Paul Casey

Personal information
- Full name: Paul Casey
- Date of birth: 29 July 1969 (age 56)
- Place of birth: Great Yarmouth, England
- Position: Goalkeeper

Youth career
- Cambridge United

Senior career*
- Years: Team / Apps / (Gls)
- 1987–1988: Cambridge United / 1 / (0)
- 1988–1990: Chelmsford City / 86 / (0)
- Harwich & Parkeston
- Brantham Athletic
- Norwich United
- Halstead Town
- Great Yarmouth Town
- Gorleston

Managerial career
- 2019: Gorleston (joint-caretaker)

= Paul Casey (footballer, born 1969) =

English footballer

Paul Casey (born 29 July 1969) is an English former footballer who played as a goalkeeper.

==Career==
After progressing through the club's academy, Casey made his Cambridge United debut in the 1987–88 season.

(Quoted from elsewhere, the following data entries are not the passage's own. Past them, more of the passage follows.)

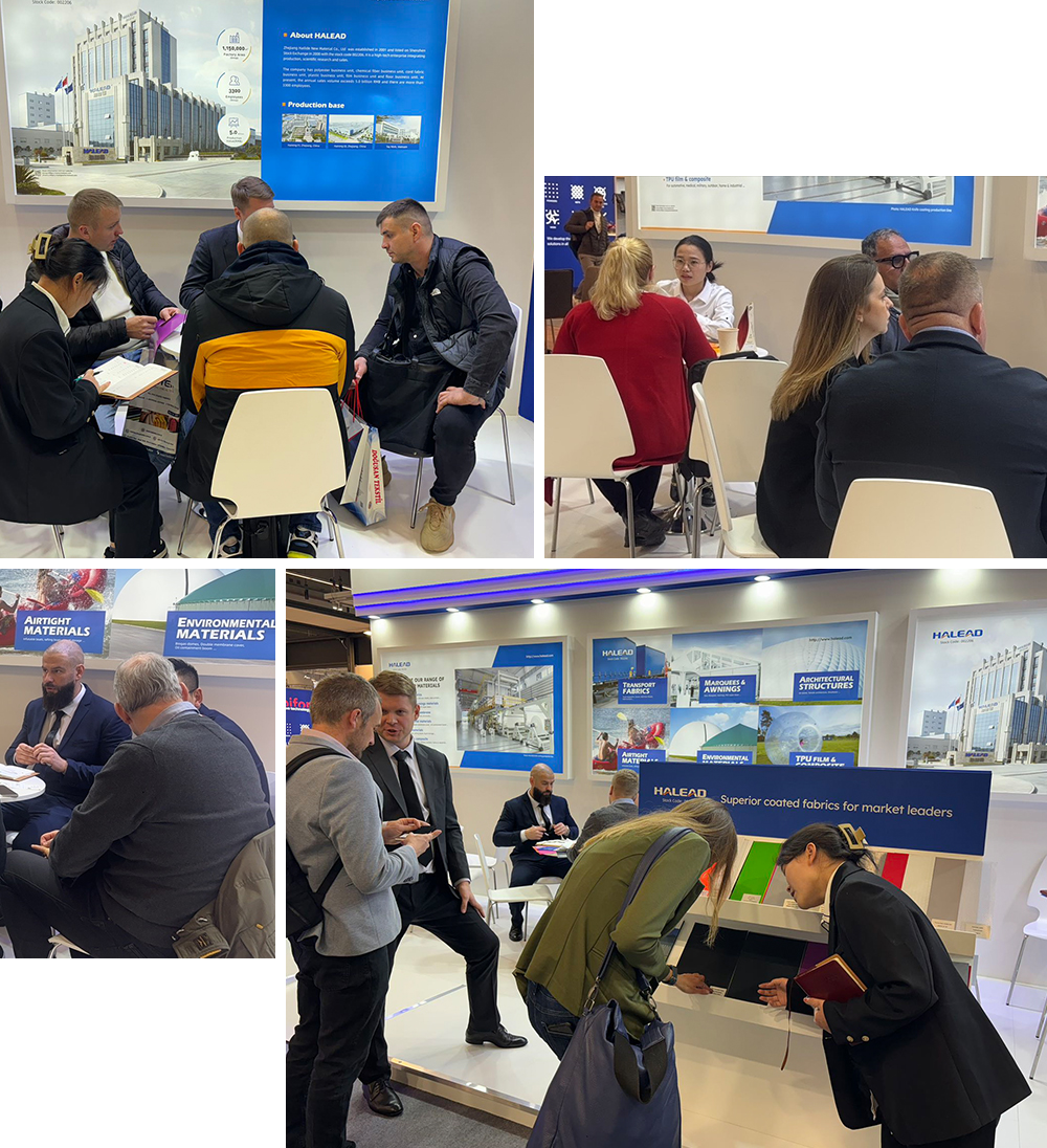 展會期間,公司接待了來自歐洲、土耳其、印度、美洲、南非、日本等國家的200余名新老客戶。同時(shí),我們還捕捉到英國、土耳其等非歐盟國家對篷布產(chǎn)品的需求有激增的趨勢,這為我們在國際市場上的擴(kuò)展提供了機(jī)遇和潛力。
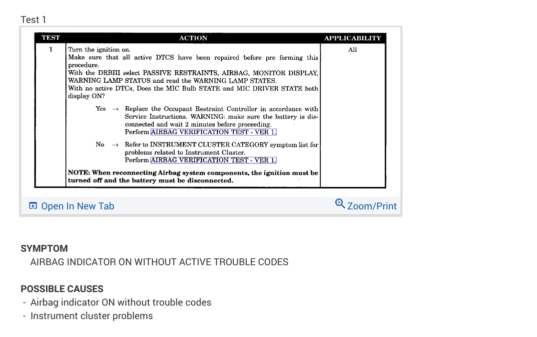 In the diagrams down below I have included the airbag light illuminated diagnostic troubleshooting guide for your vehicle. Please go through this guide and get back to us with what you find out.
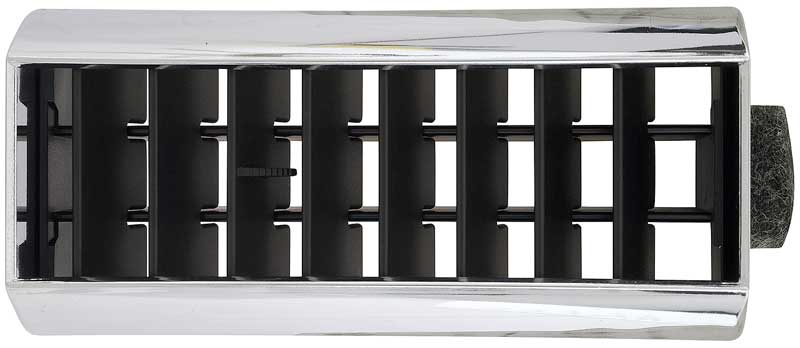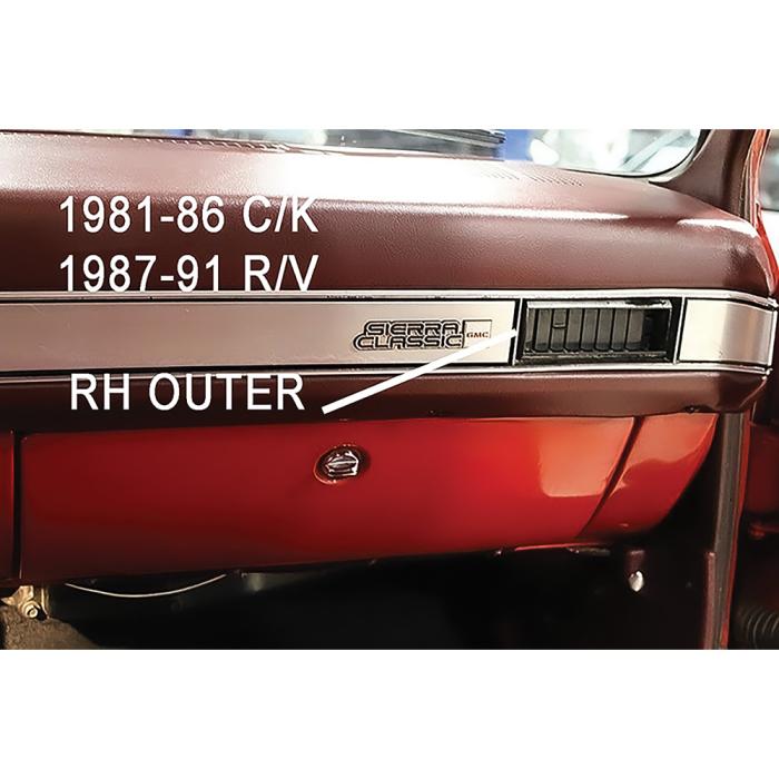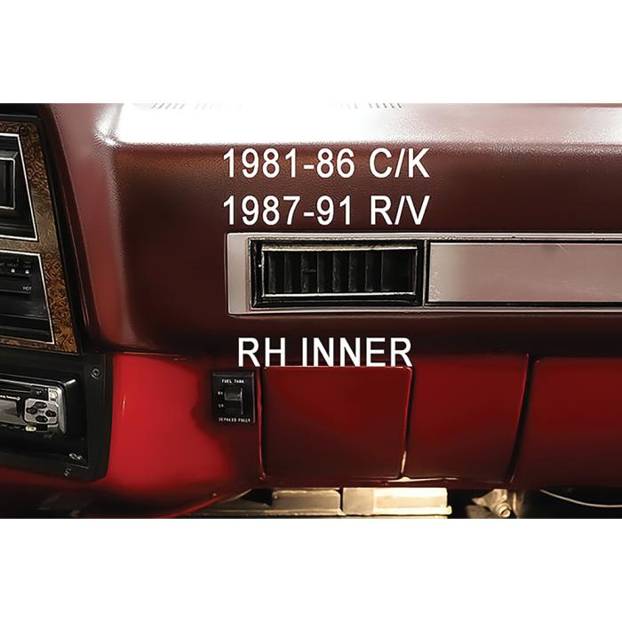 Reproduction air conditioning dash vent deflector for 1981-86 Chevrolet and GMC C/K Pickup, Blazer, Jimmy, and Suburban models, and 1987-91 R/V Pickup truck models with AC. This deflector installs on the right hand, passenger side of the dash, and replaces the inner or outer vent outlets. 2 required per vehicle.
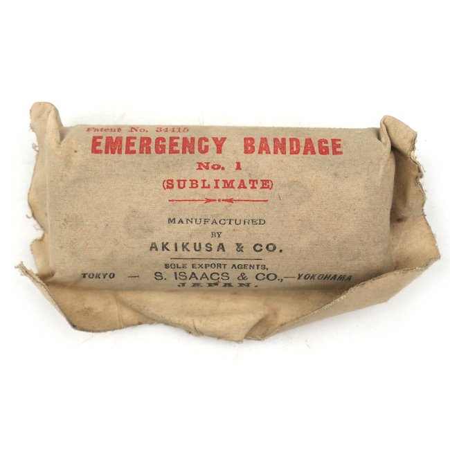 World War 1 period Japanese made Emergency Bandage, manufactured by 'Akikusa & Co' in Tokyo. These bandages were intended for export to European countries like Germany and Great Britain and also used by the German Navy. This package was just found in a house-cleaning in Germany last week. Rare original bandage package!
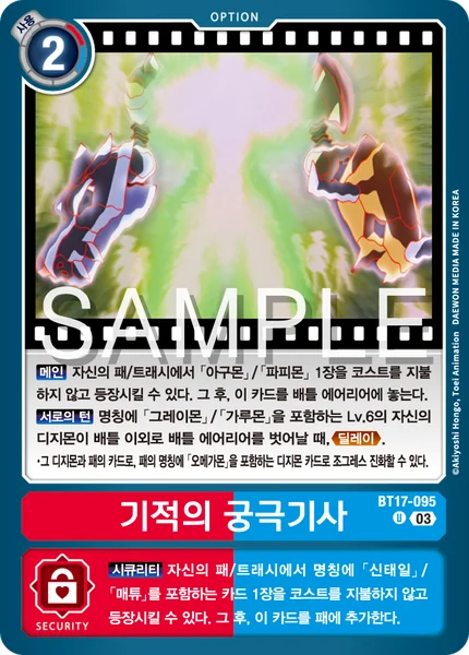 安防可以从我方的手牌/废弃区中,不支付费用登场1张名称中包含“八神太一”/“石田大和”的卡牌。此后,此卡牌加入手牌。

After a singular Football League appearance for Cambridge, Casey joined Chelmsford City, where he made 111 appearances in all competitions. Following time at Chelmsford, Casey played for Harwich & Parkeston, Brantham Athletic and Norwich United before signing for Halstead Town in 1993. Casey later signed for hometown club Great Yarmouth Town, and Gorleston.

In September 2019, Casey, alongside Darren Cockrill, took temporary charge of Gorleston in a 1–1 draw against Hadleigh United.